1. Show that, for any $$r>0$$,

$U(x,r)\setminus U(x_n,r)$

decreases to the empty set.

2. Deduce that $$y\mapsto \mu(U(y,r))$$ is lower semi-continuous.

3. Give an example to show that $$y\mapsto \mu(U(y,r))$$ may not be continuous.

4. Show that, for any $$y\in X$$,

$\mu(B(y,r))= \lim_{\mathbb Q \ni q\downarrow r} \mu(U(y,q)).$
5. Deduce that, for any $$r>0$$, $$y\mapsto \mu(B(y,r))$$ is a Borel function.

6. Show that the Hardy–Littlewood maximal function is equivalently defined by taking the supremum over all rational $$r>0$$.

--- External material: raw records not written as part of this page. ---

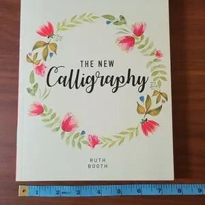 Brand new, never used calligraphy workbook with a glossary and information on writing tools.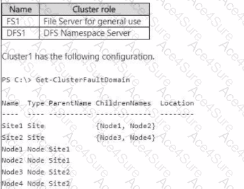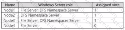 You have a Windows Server failover cluster named Cluster1 that has a cloud witness and the nodes shown in the following table.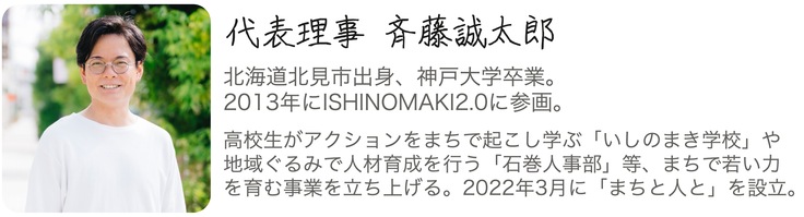 一般社団法人ISHINOMAKI2.0から教育事業を継承しつつ「一人ひとりがまちで学び、挑戦し、活躍することで、まちが豊かになる循環」を生み出すことを目指し、「一般財団法人まちと人と」の設立を決意。
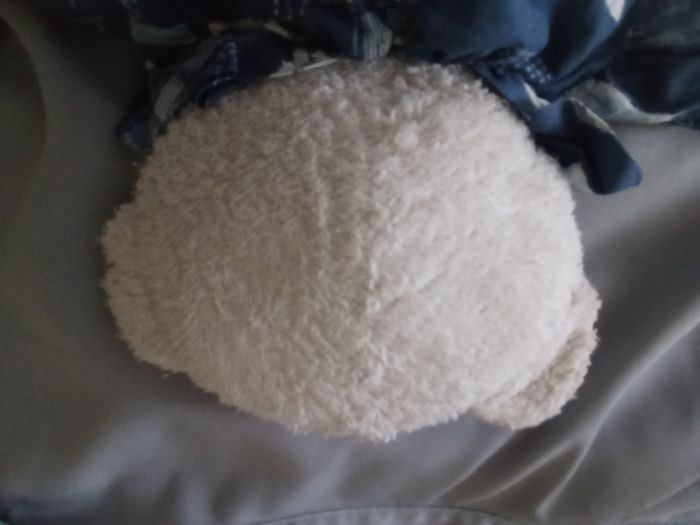 doudou peluche ours ourson de la marque Minouche Thème mer marin marine matelot tête blanche blanc tissu éponge bouclettes yeux noirs durs plastique nez noir dur posture debout ancien 1997 - photo numéro 4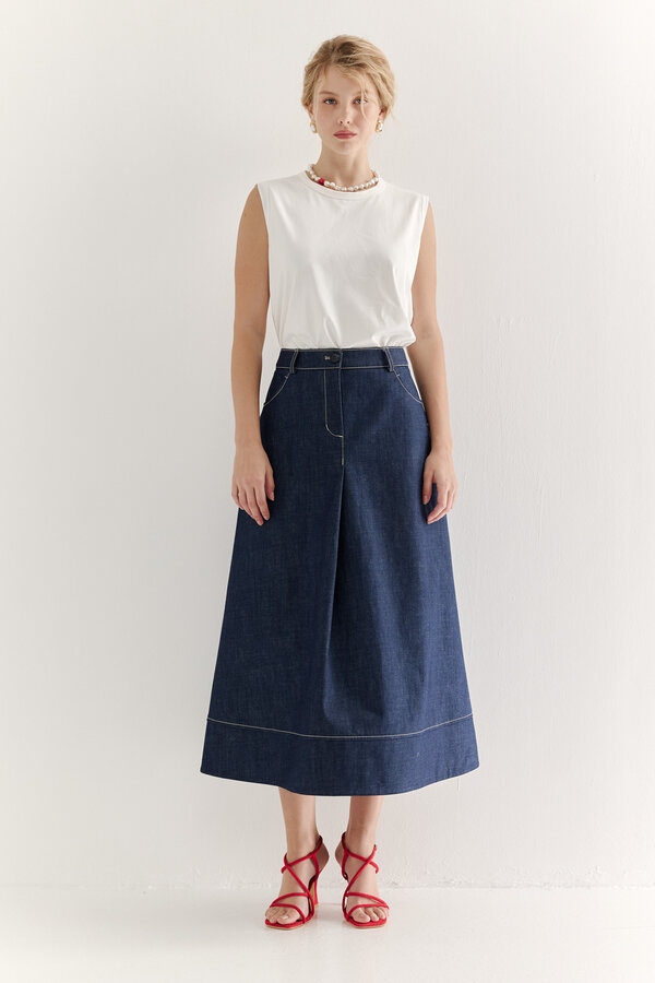 20 Юбка с карманами и со складкой в передней части. TREND NEW PREMIUM QUALITY Хлопок плательно-брючный сливочного цвета (98% хлопок, 2% эластан) 2600 1000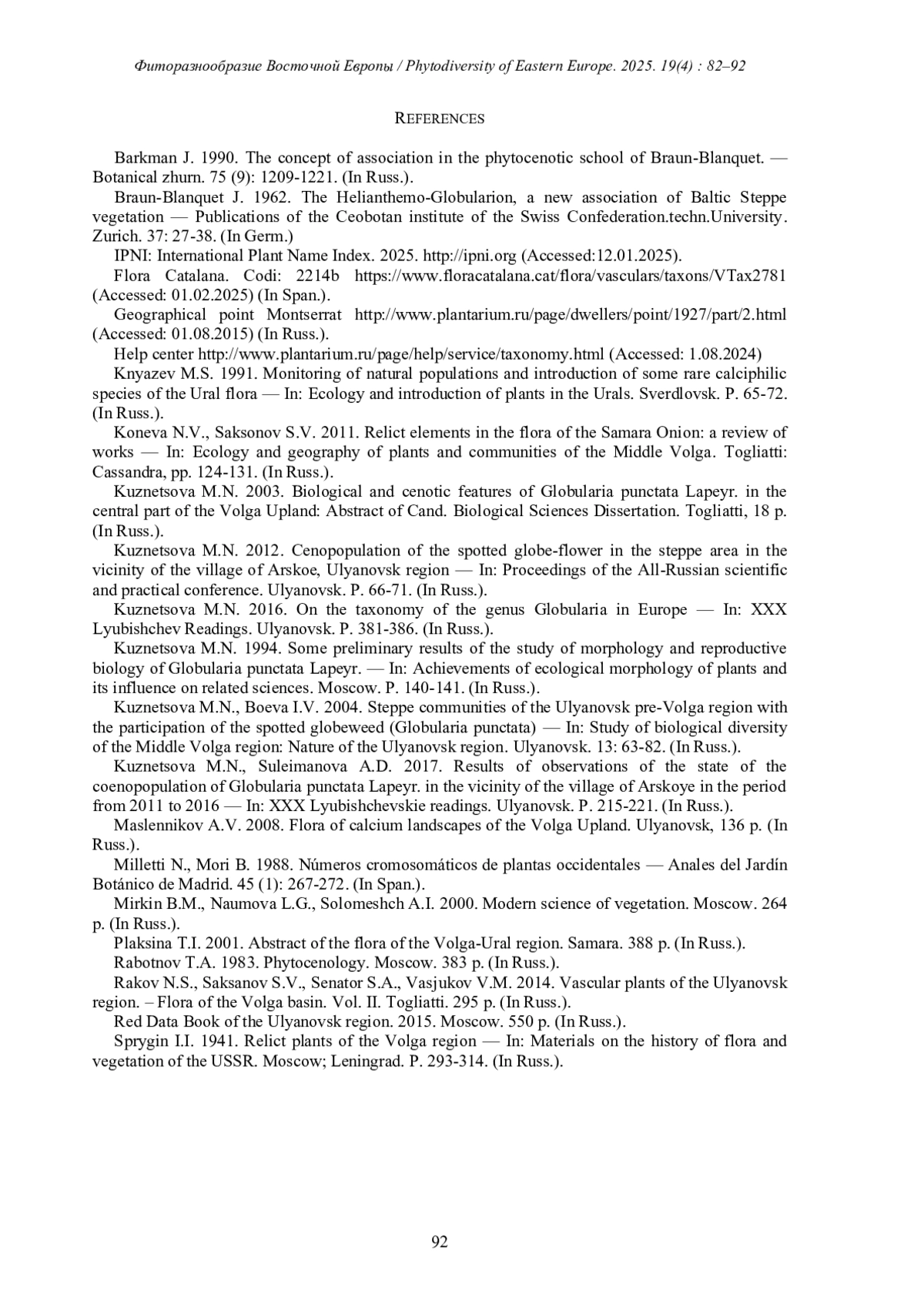 8. [Kuznetsova] Кузнецова М.Н. 2003. Биолого-ценотические особенности Globularia punctata Lapeyr. в центральной части Приволжской возвышенности: Автореф. дис…. канд. биол. наук. Тольятти, 18 с. EDN: NMNZQP
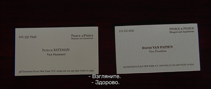 А еще — культовую сцену с визитками (которую миллион раз монтировали / обыгрывали и переделывали)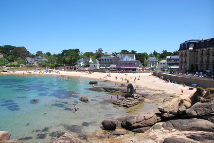 Lieu animé et convivial, le Coz-Pors combine détente et découverte. Sa plage de sable doré est bordée de terrasses accueillantes et d’un aquarium marin qui séduit petits et grands. C’est l’endroit parfait pour alterner baignade et promenade, avec une vue splendide sur les chaos granitiques et les îlots environnants. Quand la marée se retire, les bancs de sable s’étirent et transforment le paysage, offrant une nouvelle dimension au décor marin.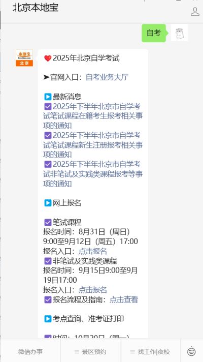 温馨提示:微信搜索公众号【北京本地宝】,关注后在对话框回复【自考】获北京高等教育自学考试2025年下半年报名时间、报名入口、准考证打印时间及入口、考试时间安排、成绩查询时间及入口等。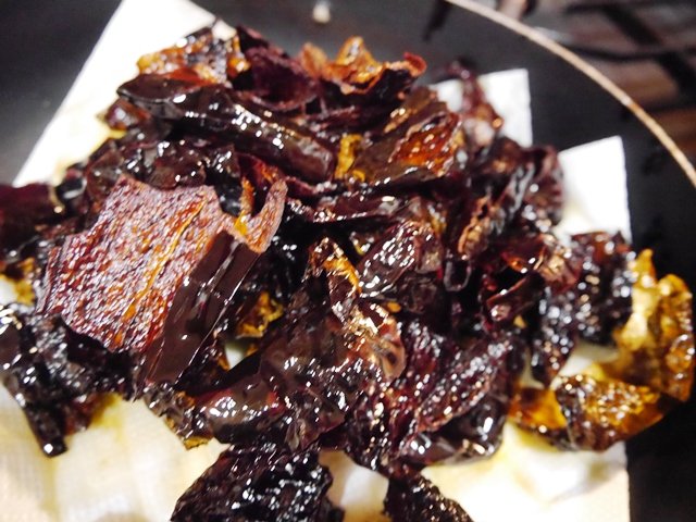 唐辛子はさっと油で揚げます、焦げないように、ほんの数十秒ずつ、少しずつ。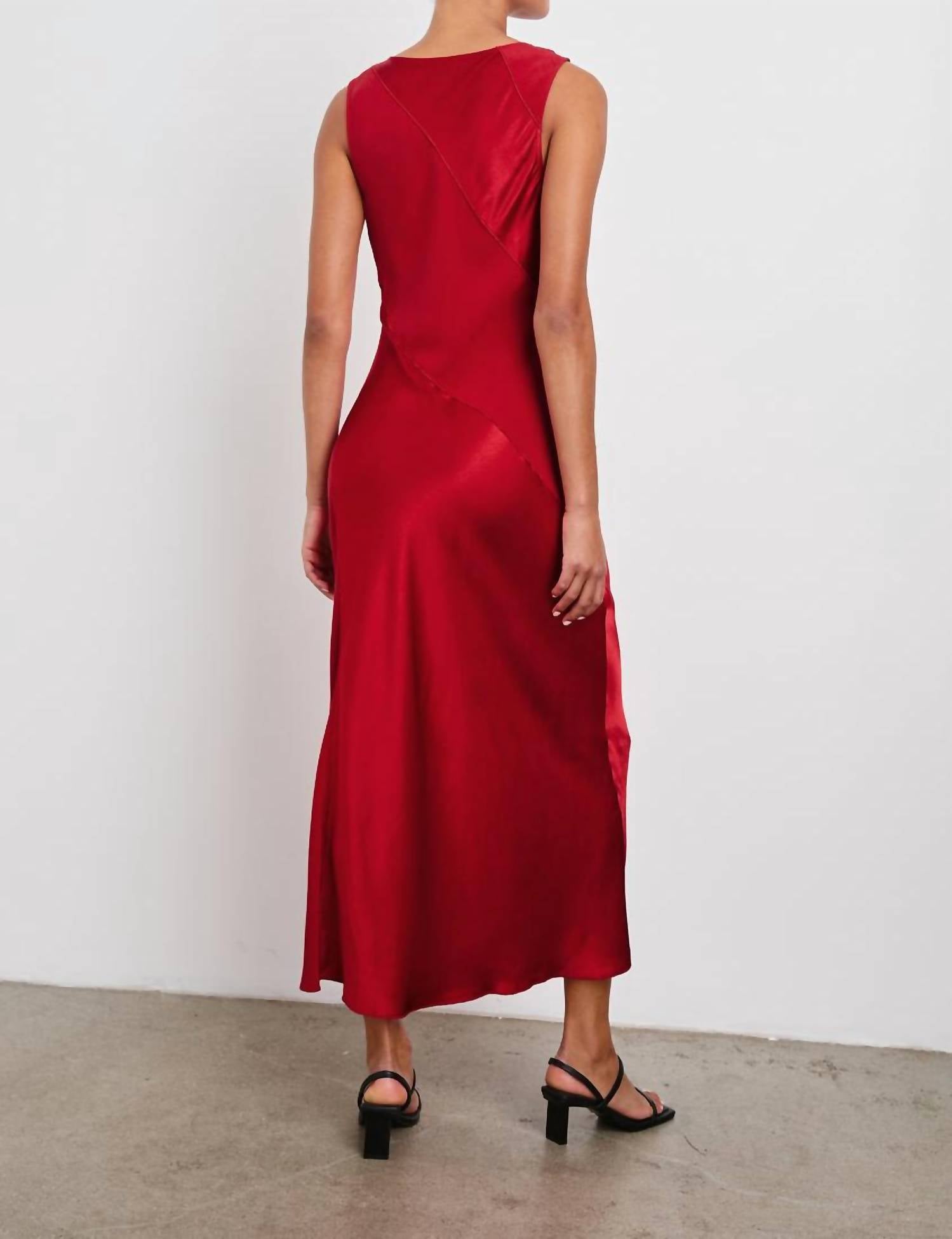Experience elegance with the Sanya Dress by Rails, a striking choice in scarlet for any evening event. This sleeveless midi dress is crafted from a luxurious blend of 55% Rayon and 45% Viscose, boasting a lustrous satin crepe finish and a sophisticated boatneck. With its bias-cut design and a stylish front thigh slit, it features contrasting matte diagonal panels that enhance its monochrome appeal. Closure is pull-on for ease, and it’s best maintained with dry cleaning, adding appeal to any Valentine's Day or summer occasion.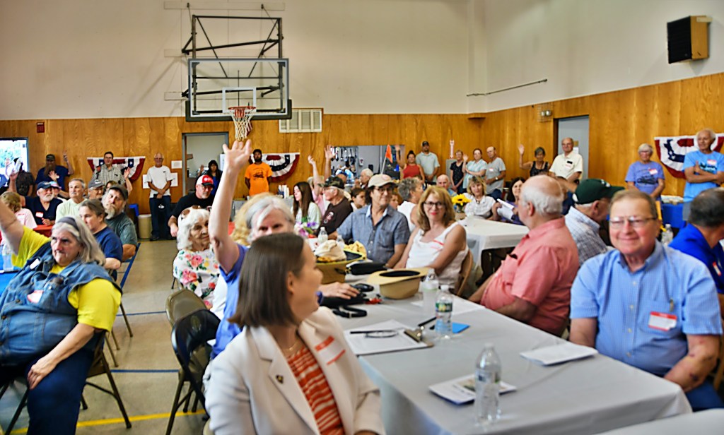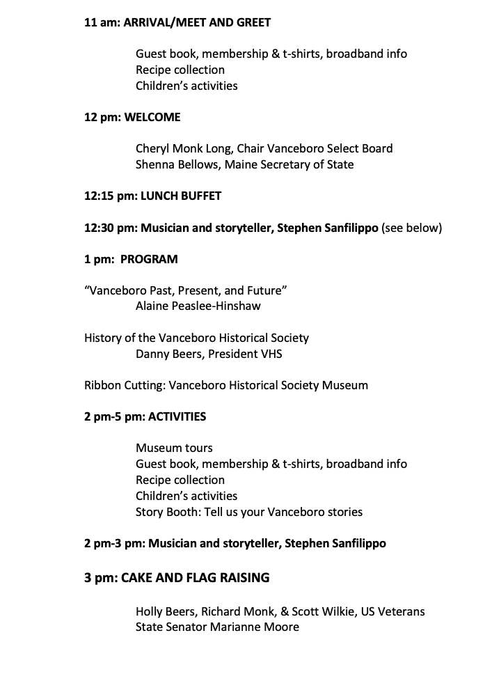 Vanceboro Community Center and Historical Museum welcome bannerA new sign, a great partnershipVanceboro selectwomen Cheryl Monk Long and Corinna Cropley welcome guestsSecretary of State Shenna Bellows presents Vanceboro’s incorporation papersVHS Secretary Alaine Peaslee-Hinshaw and President Dan Beers open the program Introducing the VHS BoardNearly 200 gatherHands up if you were raised in VanceboroA lunch of baked beans, mac & cheese, salads and rolls provided by the best cooks in townMuseum tourAppreciating the VHS museum displaysVanceboro Veterans raise a flag flown over the nation’s capitalVeterans from near and far, selectwomen, and dignitaries
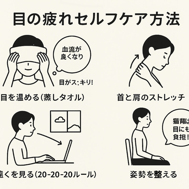 特に、首や肩まわりの緊張を緩めることで、目のまわりの血流もスムーズになり、スッキリ感を感じやすくなります。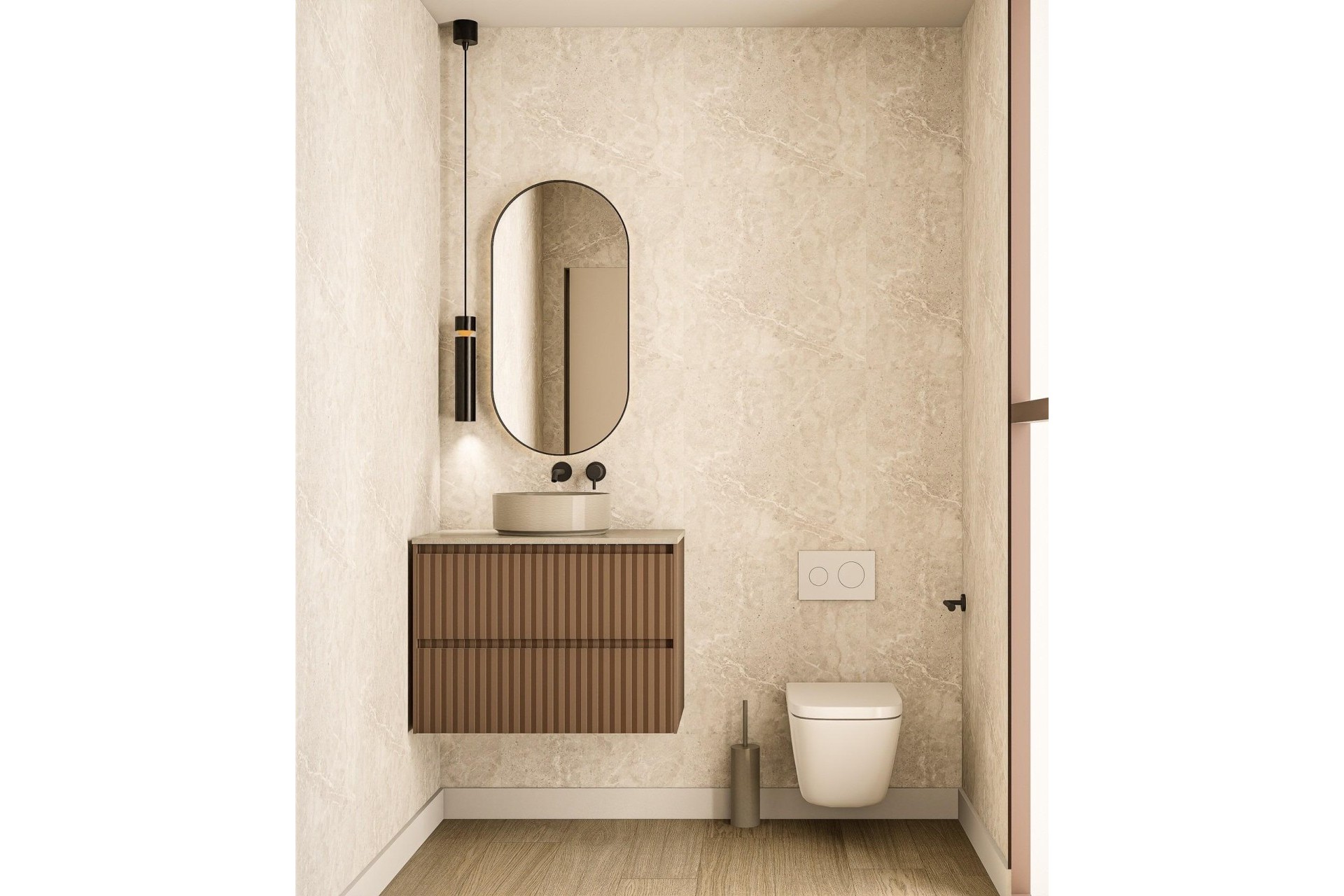 Дома также оснащены аэротермальными системами для нагрева воды, полностью оборудованными ванными комнатами с зеркалами и душевыми перегородками, а также имеют класс энергоэффективности A для максимальной эффективности.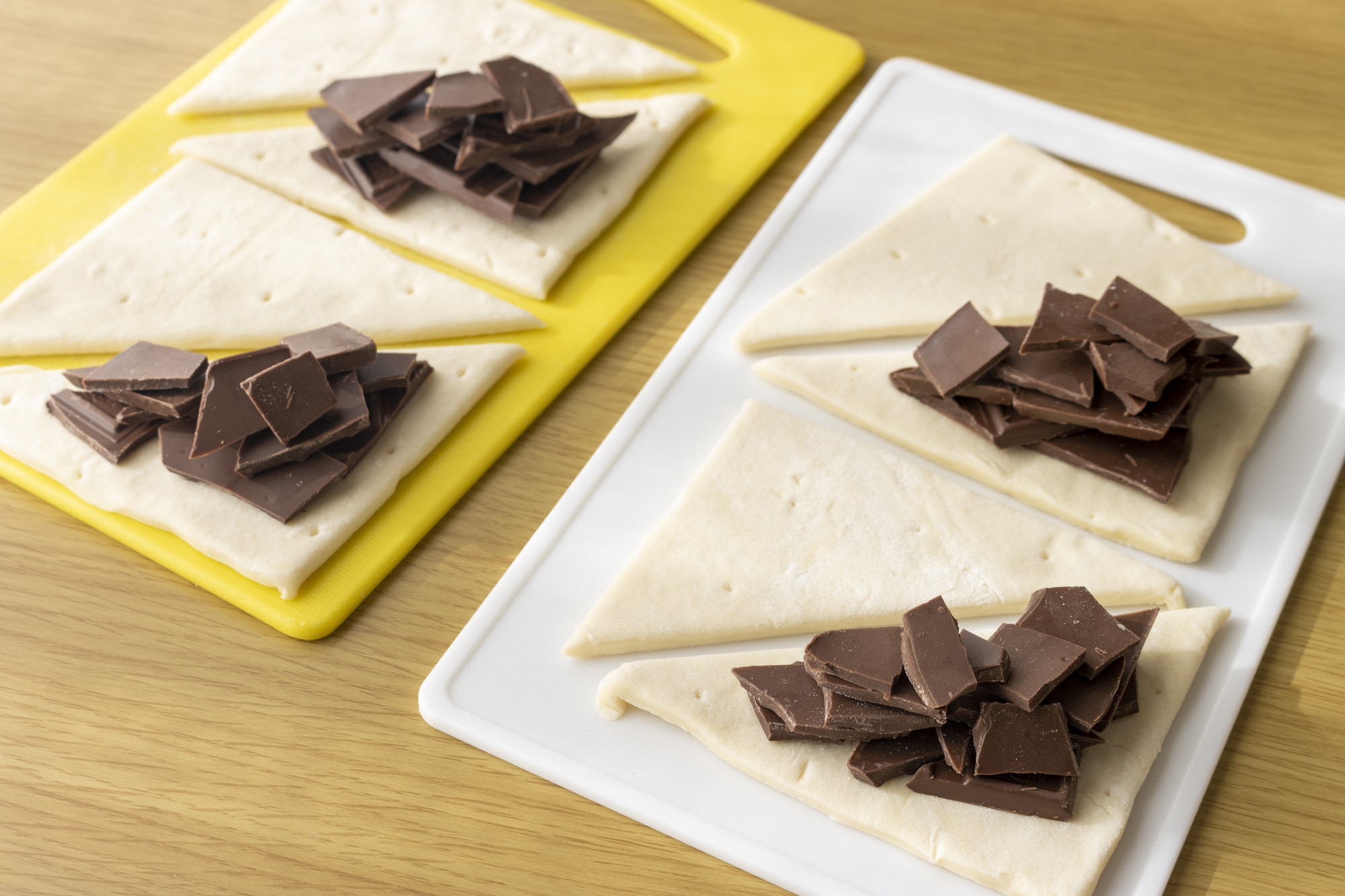 パイシートを使用する際は、完全に解凍する必要はありません。しっかりと解凍して常温に戻してしまうと、生地に含まれるバターが溶けてしまい、上手に膨らまなくなります。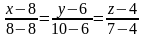 Составим уравнение прямой проходящей через точки А1(8; 6; 4) и A4(8; 10; 7).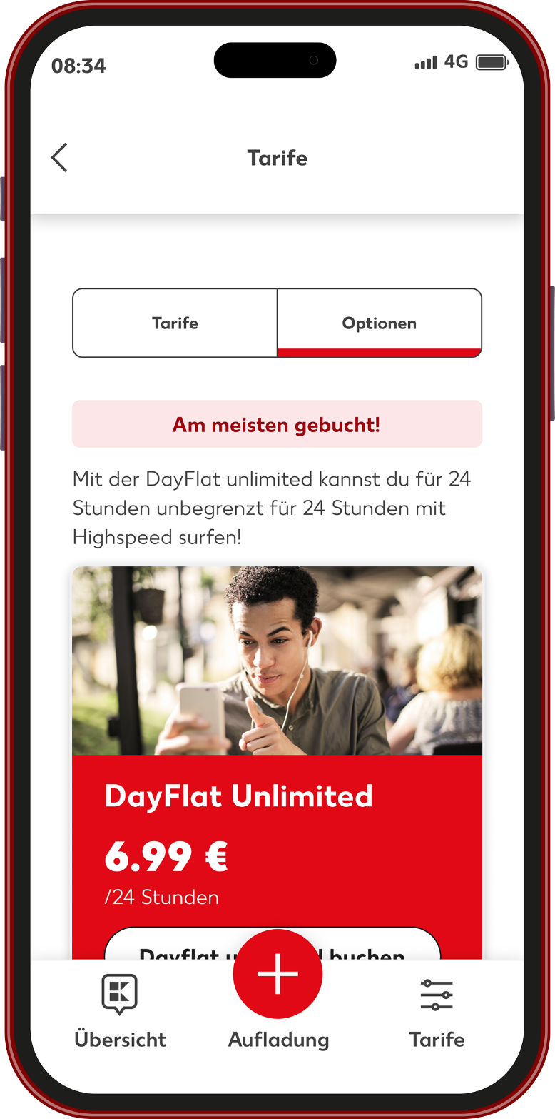 Gehe in der KAUFLAND MOBIL App auf “Tarife”. Anschließend klickst du auf den Reiter “Optionen”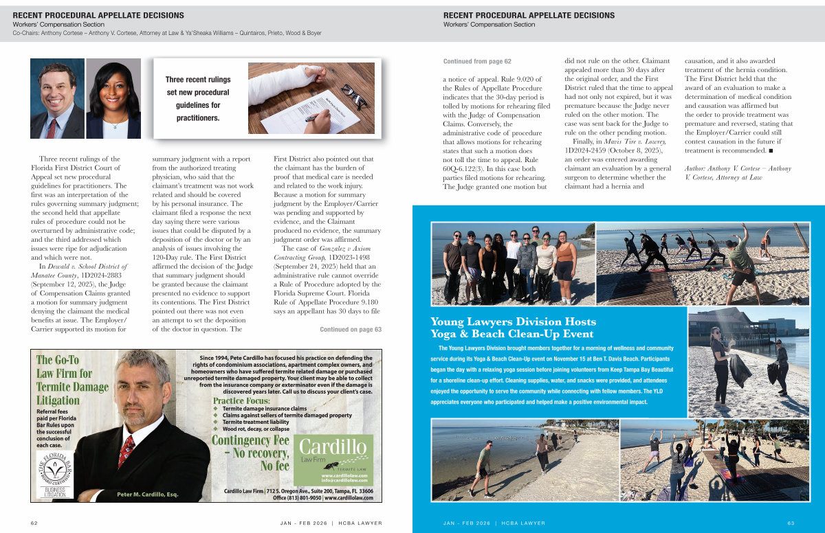 the Young lawyers division brought members together for a morning of wellness and community service during its Yoga & Beach clean-up event on november 15 at Ben t. davis Beach. participants began the day with a relaxing yoga session before joining volunteers from keep tampa Bay Beautiful for a shoreline clean-up effort. cleaning supplies, water, and snacks were provided, and attendees enjoyed the opportunity to serve the community while connecting with fellow members. the Yld appreciates everyone who participated and helped make a positive environmental impact.

7. Deduce that the Hardy–Littlewood maximal function is a Borel function.

Example 30

Let $$\mu$$ be a doubling measure on a metric space $$X$$ and let $$S\subset X$$ with $$\mu(S)<\infty$$. Suppose that there exists a $$\mu$$-measurable $$S'\supset S$$ with $$\mu(S')=\mu(S)$$. Show that

$\lim_{r\to 0}\frac{\mu(S\cap B(x,r))}{\mu(B(x,r))}=1$

for $$\mu$$-a.e. $$x\in S$$.

Example 31

Prove that on $$\mathbb R^n$$, $$\mathcal L^n=c \mathcal H^n$$ for some $$c>0$$. There are two ways to prove this (recall Example 5).

Let $$\mu,\nu$$ be two finite Borel measures on a set $$X$$ with $$\mu \ll \nu$$ and suppose that $$\nu$$ is doubling. Show that the Radon–Nikodym derivative of $$\mu$$ with respect to $$\nu$$ is given by

$\lim_{r\to 0}\frac{\mu(B(x,r))}{\nu(B(x,r))}$

for $$\nu$$-a.e. $$x\in X$$.

Example 32

For $$f=\chi_{[0,1]}$$, show that $$Mf$$ does not have finite integral.